All of this sort of thing that has come has come very slowly. It has had to fight through and in, every step of the way that it has come. Its coming has been opposed stubbornly, maliciously, viciously every inch of the road, as only those know who are in the thick of the struggle for these reforms, panting for breath sometimes.
It is as though a few whiffs of wholesome life-giving air have breathed through the cracks and crevices of the breastworks and fortifications of evil in which all our common life seems entrenched. But the fortifications are still there. If the sweet, wholesome breathing in through cracks and crannies has been so blest, what would it be if the forces of evil were clean removed from the scene, and the Christ-spirit became the whole atmosphere breathed fully and freely without restraint, with no bad draughts, and no counter currents to guard and fight against?
It would seem like a strange sort of a kingdom if the present is even a gradual coming in of the Kingdom. We would seem to be having a new, strange sort of a Christ if the present is a sample of His sort of reigning. For it may well be thoughtfully doubted if ever there was such a condition of feverish unrest in all parts of the world as to-day.
It is most difficult to put your finger on a single spot of the world-map that is not being torn and uptorn by unrest in one shape or another.
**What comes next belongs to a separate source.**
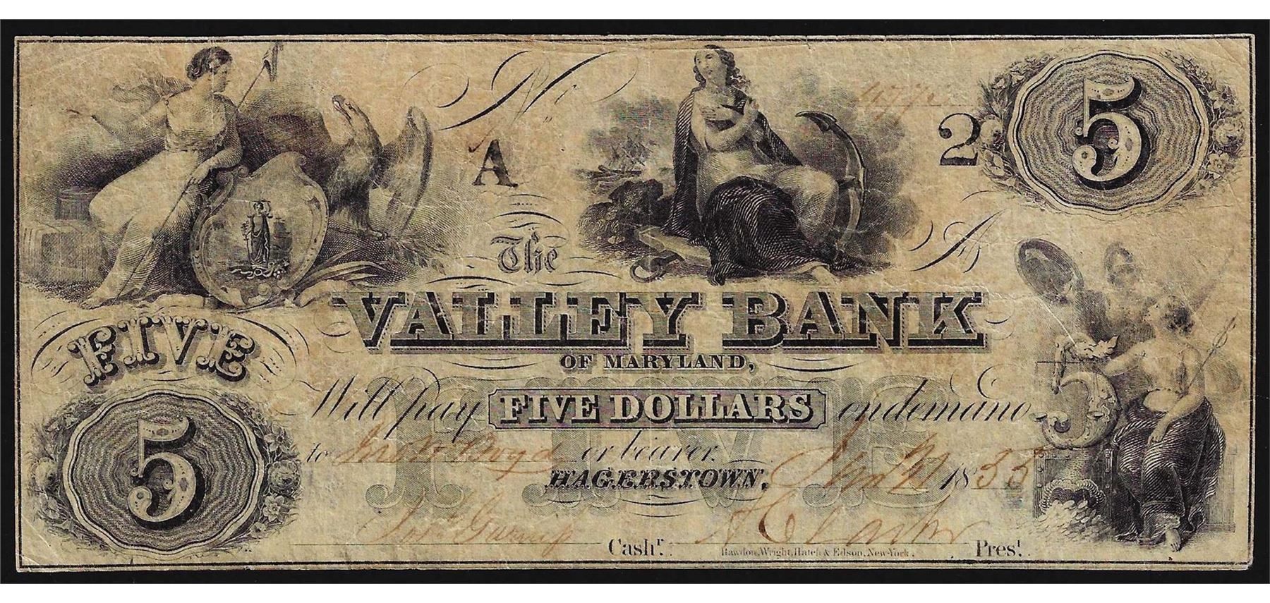 One 1855 $5 The Valley Bank of Maryland Obsolete Note.

Either actual war, or constant studious preparation for war, actually never ceases. And it is difficult to say which is the worse of the two. The actual war reveals more terribly to our eyes and ears the awful cost in treasure and in precious human blood spilled without stint. The never-ceasing preparation for war seems actually to cost more. In the immense treasure involved, and in blood too, given out, not on an occasional battlefield, but in the continual battle of daily life to meet the terrible drain of taxation, it costs immensely more. There is less of the tragic for the news headings, but not a whit less, rather much more, in the slow suffering, the pinched lives, and the awful temptations to barter character for bread.
Then there is the continual seething unrest in the industrial world; the protests sometimes so strange and startling against social and political conditions; the feverish greed for gold, and land, and position; the intense pace of all our modern life; the abandonment of home and home ideals; the terrific attack against our young womanhood. The political pot which gathers into itself all these things, never quits boiling or boiling over, in some part of the world, now here, now there. And it seems like the greatest achievement of diplomacy when here and there it can be kept from boiling clean over, or at least made to boil over less.
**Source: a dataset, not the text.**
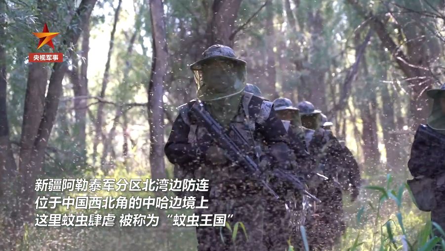新疆阿勒泰军分区北湾边防战士穿行蚊子群巡逻。一路上数以万计的蚊子、蠓虫扑面而来。图片来源:央视军事视频截图

It would seem indeed like a queer sort of kingdom if this is a sample. Some of us would have less heart in repeating one petition of the old daily prayer. And Christ would seem to have quite changed His spirit and character if this is a result of His coming.
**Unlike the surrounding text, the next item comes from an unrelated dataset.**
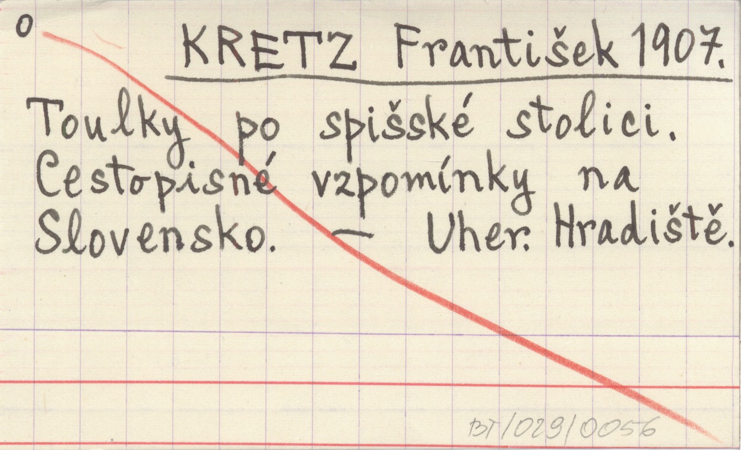 KRETZ Frantiąek 1907 Toulky po spiąské stolici. Cestopisné vzpomínky na Slovensko.

The Greatness of Patience.
[23] Hebrews ii. 8.
And the great simple truth is this, the truth that in the strange mix-up of life we easily lose sight of is this: Christ has not yet taken possession of all of His domain; a part of it still remains to be possessed. "We see not yet all things subjected to Him."[23] We are living in the "not-yet" interval between the crowning and the actual reigning. We are living on the "not-yet" possessed part of His domain.